Posted by Admin | 24 Feb

Endotoxin is the lipopolysaccharide component of the cell wall released by gram-negative bacilli when they grow or break down when they die. In vitro and in vivo experiments have proved that endotoxin has the characteristics of heat resistance, acid, and alkali resistance. After endotoxin enters the body, it can cause fever, vasodilation, an increase in vascular permeability, an increase of neutrophils, complement activation, a decrease in blood pressure, and other pathophysiological reactions. In severe cases, it can lead to disseminated intravascular coagulation and multiple organ failure. With the development of basic research and clinical research, people have a better understanding of the structure, function, and mechanism of action of endotoxin. It is also found that the occurrence and development of many diseases are closely related to endotoxin. Endotoxemia may involve surgery, internal medicine, gynecology and obstetrics, pediatrics, neurology, emergency department, etc., but it is still closely related to sepsis, multiple organ failure, acute respiratory distress syndrome, disseminated intravascular coagulation, liver disease, etc. Therefore, it is of great significance to actively carry out basic and clinical research on endotoxin for clarifying the pathogenesis of these diseases and establishing corresponding treatment measures.

 

Although the research on endotoxin has been carried out for decades, there is still no complete book in China that specifically describes the relationship between the basis of endotoxin and clinical practice. In recent years, with the deepening understanding of the mechanism of action and signal transduction pathway of endotoxin, various strategies for anti-endotoxemia have been established and developed, which provides new ideas for the treatment of endotoxemia in the future.

 

After endotoxin enters the body, it can directly produce toxicity on the biological membrane of cells, but more importantly, it can make the body produce a variety of inflammatory mediators through the cytotoxic effect mediated by monocyte and macrophage, thus affecting the metabolism of cells, finally leading to cell death, and affecting the integrity of organ function and barrier function. The elucidation of the Toll-like receptor family makes the signal transduction pathway of endotoxin more perfect. It is generally believed that after endotoxin enters the body, it combines with lipopolysaccharide-binding protein to form a complex that transmits lipopolysaccharide to the CD14 receptor on the mononuclear-macrophage membrane, and physical contacts with the domain of toll-like receptor 4 with leucine-rich repeats, which changes the conformation of toll-like receptor 4, Through its cytoplasmic domain, it can recruit intramedullary differentiation protein 88 (My88) and interleukin-1 (IL-1) receptor-associated kinase to undergo self-phosphorylation, trigger enzyme cascade reaction, and finally activate NF-M κ B and other transcription factors, synthesis and secretion of a large number of cytokines play a role.
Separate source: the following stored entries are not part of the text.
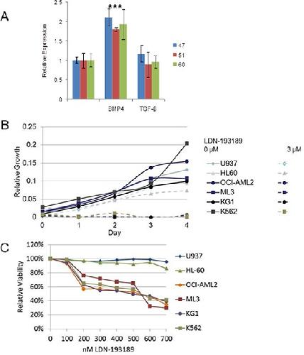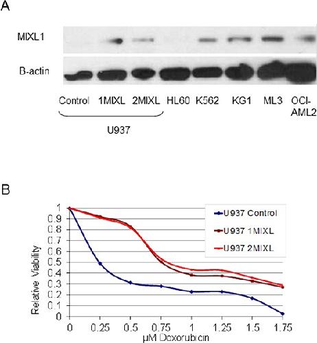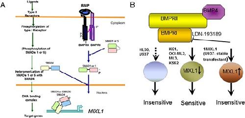A role for BMP-induced homeobox gene MIXL1 in acute myelogenous leukemia and identification of type I BMP receptor as a potential target for therapy.,
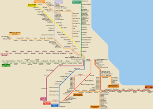 The Metra Electric District is an electrified commuter rail line owned and operated by Metra which connects Millennium Station (formerly Randolph Street Station), in downtown Chicago, with the city's southern suburbs. As of 2014, it is the second busiest of Metra's 11 lines, after the BNSF, with nearly 9.5 million annual riders.[2] While Metra does not explicitly refer to any of its lines by color, the timetable accents for the Metra Electric District are printed in bright "Panama orange" to reflect the line's origins with the Illinois Central Railroad (IC) and its Panama Limited passenger train.[3] It is the only Metra line that is solely a commuter route, which means no freight trains operate on this route. Instead, freight trains operate on tracks that are adjacent to the route. Its suburban operations line is the shortest on Metra's system, only running to fare zone G. If all the branches were combined, they would reach to zone J. It is also the only line with two downtown stations. During rush hours some trains do not reach Van Buren Street or Millennium Station.
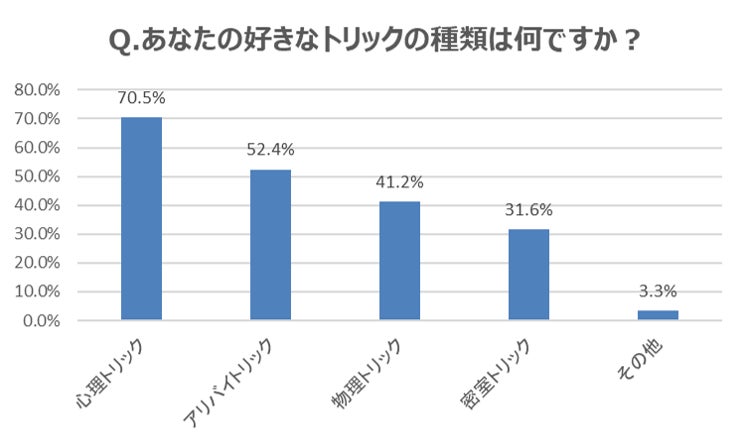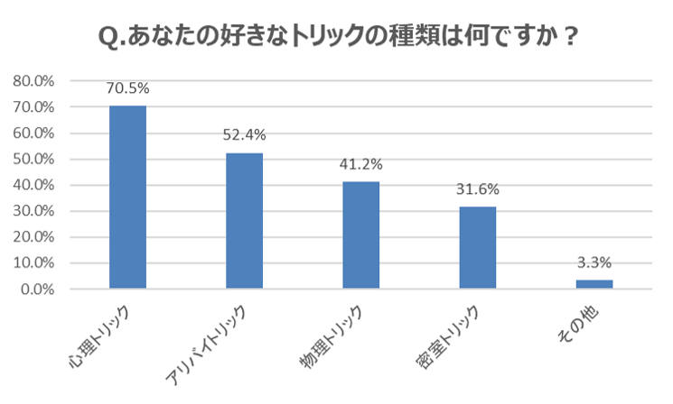 好きなトリックの種類は『心理トリック』が70.5%で1位、続いて『アリバイトリック』が52.4%で2位
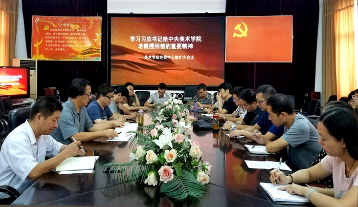 (美术学院 通讯员 杜鹏飞)9月1日上午,美术学院召开党委中心组扩大会议,学习贯彻习近平总书记给中央美术学院老教授回信的重要精神。院领导班子成员、教授、博士代表、各系(部)主任和学生代表参加会议。会议由美术学院党委书记黄有柱主持。
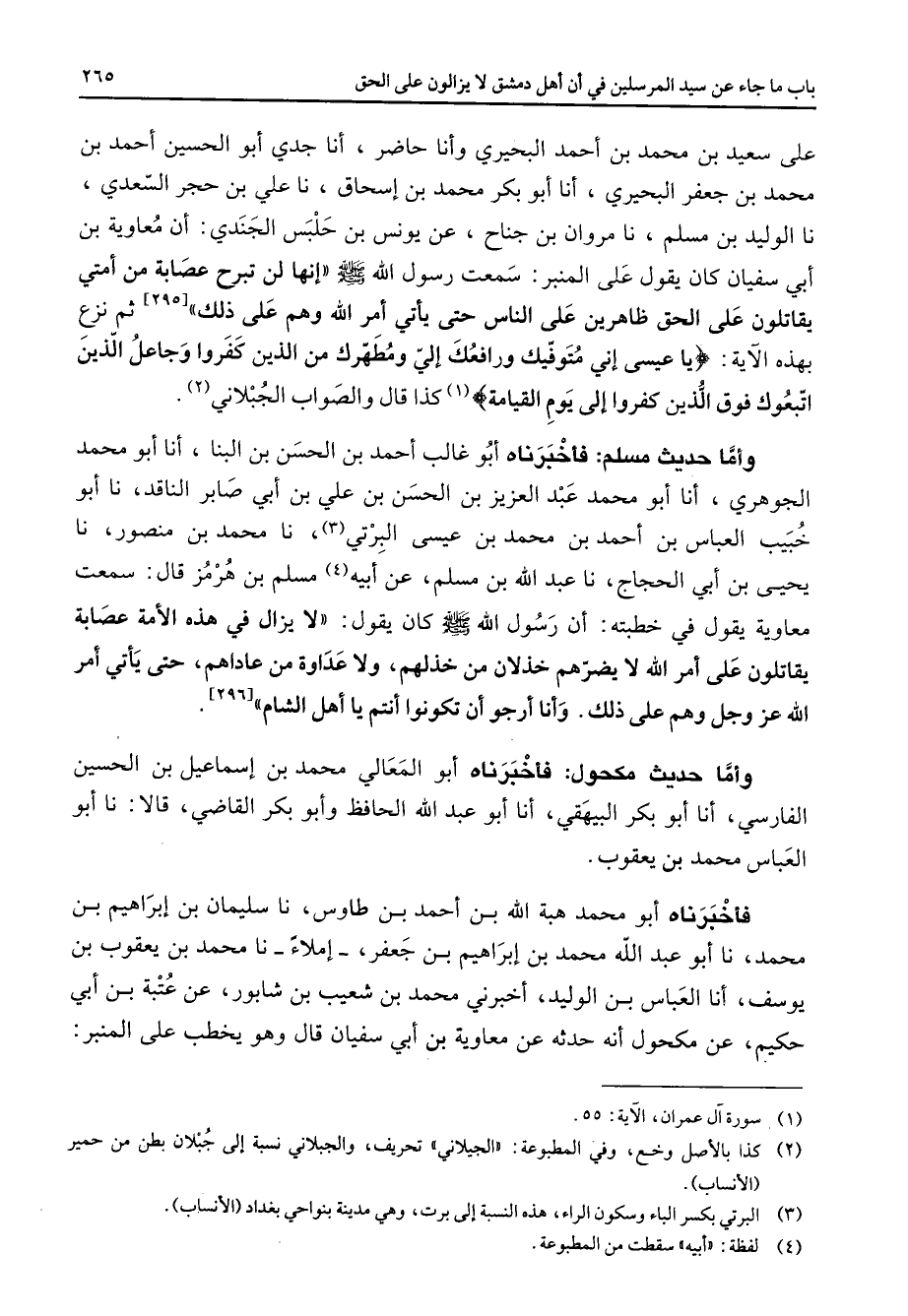 على سعيد بن محمد بن أحمد البحيري وأنا حاضر أنا جدي أبو الحسين أحمد بن محمد بن جعفر البحيري أنا أبو بكر محمد بن إسحاق نا علي بن حجر السعدي نا الوليد بن مسلم نا مروان بن جناح عن يونس بن حلبس الجندي أن معاوية بن أبي سفيان كان يقول على المنبر سمعت رسول الله (صلى الله عليه وسلم) إنها لن تبرح عصابة من أمتي يقاتلون على الحق ظاهرين على الناس حتى يأتي أمر الله وهم على ذلك ثم نزع بهذه الآية " يا عيسى إني متوفيك ورافعك إلي ومطهرك من الذين كفروا وجاعل الذين اتبعوك فوق الذين كفروا إلى يوم القيامة " (1) كذا قال والصواب الجبلاني (2) وأما حديث مسلم فأخبرناه أبو غالب أحمد بن الحسن بن البنا أنا أبو محمد الجوهري أنا أبو محمد عبد العزيز بن الحسن بن علي بن أبي صابر الناقد نا أبو خبيب العباس بن أحمد بن محمد بن عيسى البرتي (3) نا محمد بن منصور نا يحيى بن ابي الحجاج نا عبد الله بن مسلم عن أبيه (4) مسلم بن هرمز قال سمعت معاوية يقول في خطبته أن رسول الله (صلى الله عليه وسلم) كان يقول لا يزال في هذه الأمة عصابة يقاتلون على أمر الله لا يضرهم خذلان من خذلهم ولا عداوة من عاداهم حتى يأتي أمر الله عز وجل وهم على ذلك وأنا أرجو أن تكونوا أنتم يا أهل الشام وأما حديث مكحول فأخبرناه أبو المعالي محمد بن إسماعيل بن الحسين الفارسي أنا أبو بكر البيهقي أنا أبو عبد الله الحافظ وأبو بكر القاضي قالا نا أبو العباس محمد بن يعقوب فأخبرناه أبو محمد هبة الله بن أحمد بن طاوس نا سليمان بن إبراهيم بن محمد نا أبو عبد الله محمد بن إبراهيم بن جعفر إملاء نا محمد بن يعقوب بن يوسف أنا العباس بن الوليد أخبرني محمد بن شعيب بن شابور عن عتبة بن أبي حكيم عن مكحول أنه حدثه عن معاوية بن أبي سفيان قال وهو يخطب على المنبر
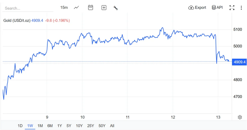 Giá vàng thế giới giao ngay trên thị trường châu Á lúc 6 giờ 30 phút sáng nay ngày 13/2 (giờ Việt Nam) giao dịch ở quanh ngưỡng 4.909 USD/ounce, giảm mạnh 133 USD/ounce so với cùng thời điểm hôm qua.
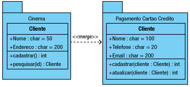 A relação de mesclagem entre dois pacotes é desenhada como uma seta pontilhada, apontando para o pacote de origem. Sobre a seta insere-se o estereótipo <<merge>>.

Many inflammatory mediators are involved in the biological effects of endotoxin, such as TNF- αInterleukins, NO, complement, prostaglandins, platelet-activating factors, etc. Intestinal bacteria and endotoxin translocation are one of the main factors of endotoxemia, and also an important cause of death of multiple organ failure and liver disease endotoxemias. Emphasis on the treatment of intestinal bacteria and endotoxin translocation is an important means to reduce the occurrence of multiple organ failure in surgical operations and other critical patients and reduce the mortality of patients with liver diseases.

 

Up to now, there are no specific measures for the treatment of endotoxemia. Although the use of antibiotics can effectively control a bacterial infection, it may increase the risk of endotoxemia. Endotoxin antibody was once considered to be effective in the treatment of endotoxemia, but clinical research has proved that it is ineffective; Other measures include inhibiting lipid A synthesis and blocking endotoxin signal transduction to reduce cytokine secretion, which may be effective in the treatment of endotoxemia, but still need to be confirmed by clinical practice.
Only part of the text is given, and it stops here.